It's been some years since I've seen Woo's major Hong Kong works, Hard Boiled or The Killer, and so can't account for the quality of either excepting the voice of myself as a delighted sixteen-year-old (who also, it should be noted, totally, completely, without any reservation dug Woo's Jean-Claude Van Damme starring American debut, Hard Target, and would probably have had trouble seeing how absolutely shitty the Star Wars prequels were). While watching Bullet in the Head, though, I began to wonder if my previous affinity for these John Woo films was not solely due to my aforementioned weakness for the cry of the lonely, afflicted men that populated them.
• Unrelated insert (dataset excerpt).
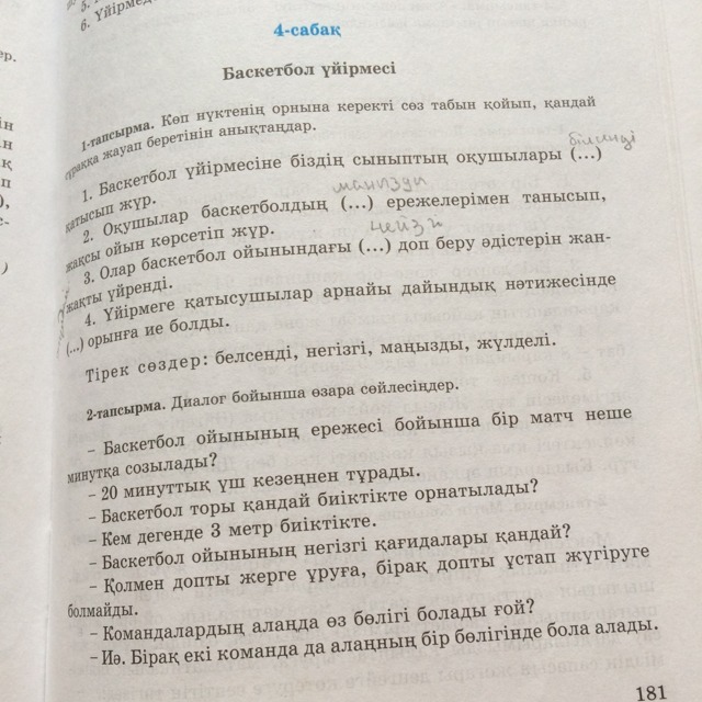 Составить диалог на казахском про баскетбол в школе. Надо что-то сделать со вторым заданием:

Aside from the opening, the film works in individual scenes, but they feel pulled out of different films. When glorying in the movement of excessive violence, Bullet in the Head soars. When trying to show serious consequences to this violence, it shoots itself in the foot.
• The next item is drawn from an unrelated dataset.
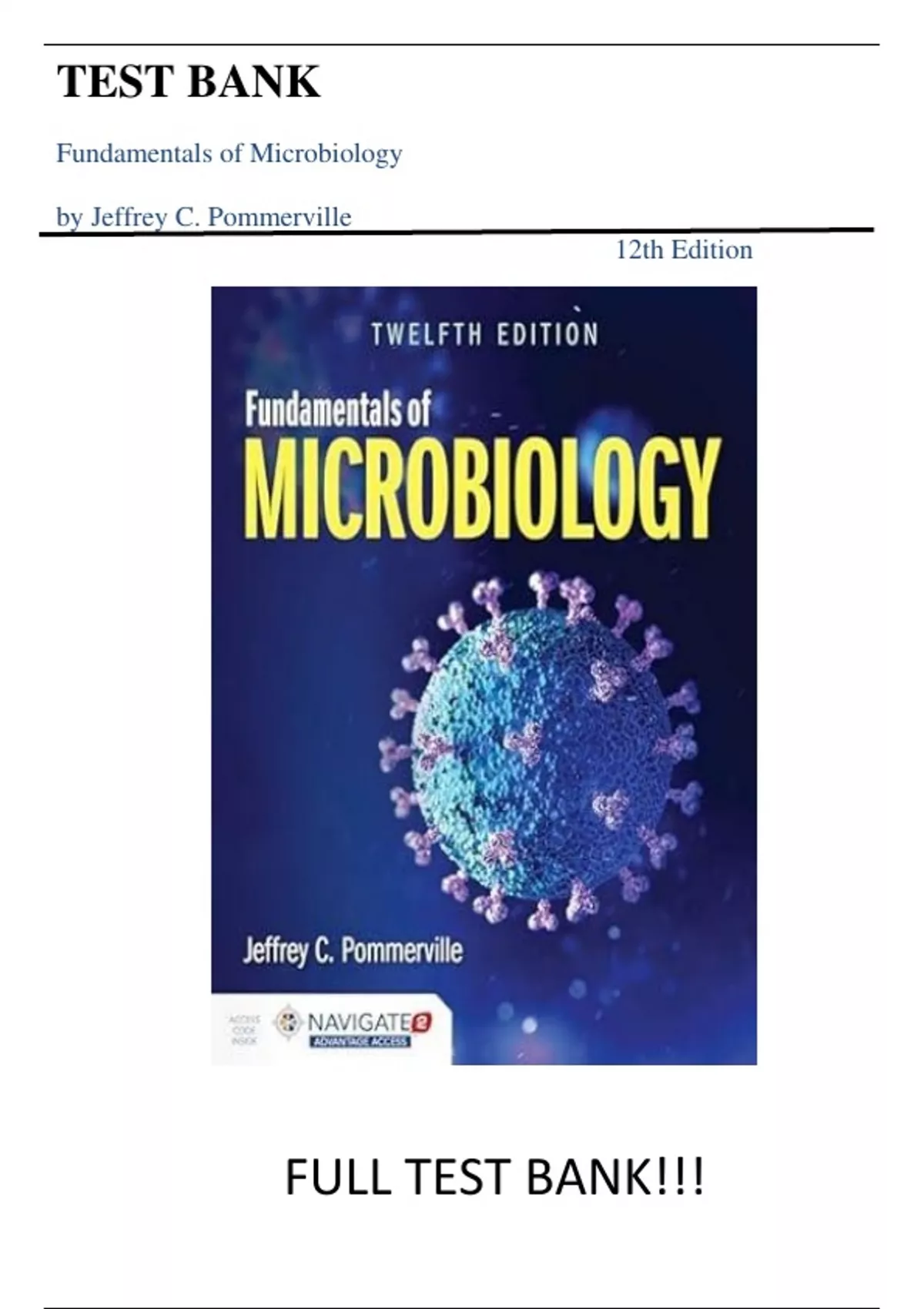 Test Bank for Fundamentals of Microbiology 12th Edition by Jeffrey C. Pommerville||ISBN NO:10,1284211754||ISBN NO:13,9781284211757||Chapter 1-27||Complete Guide A+||Latest Update

Thursday, December 22, 2005
Day 83: Being There
Ah, Hal Ashby. Somehow you found the soul of disaffected American romances with Harold and Maude, pushing the lovers united against the world, Bonnie and Clyde-esque, "even if no one in the world agrees with us, we'll love each other no matter what!" genre into a corner, prodded it, and came out with one of the most loveably sweet, endearing movies of all time. And here's another sweet, endearing, and poignant film about an unlikely hero who's got everything to lose, but pushes on and finds happiness. God damn you, Hal Ashby, for getting it so right... for including in your film, the fact that Chance, the gardner, could not have done all he does here if he were black... for complicating the myth of the sweet retard who makes everyone else's life better with his unassuming. selfless ways by insinuating that he's Jesus!
Hal Ashby... if I could reanimate you, I would: to pat you on the back for knowing how not to tip your hand while doing an entire movie in deadpan. For understanding that Television is not the problem, so much as the fact that we're all as dumb as the shows on TV and so self-aggrandizing, we think our lives are worth being on TV. For being prescient enough to know that all a man has to do to be elected president, is get his face on TV, spout a few simplistic, yet smart-sounding analogies, refuse to talk about his past (or better still, insist that he has none), and have the right corporate connections. For giving Peter Sellers this role near the end of his life, the character somehow a fitting tribute to how he made us all feel.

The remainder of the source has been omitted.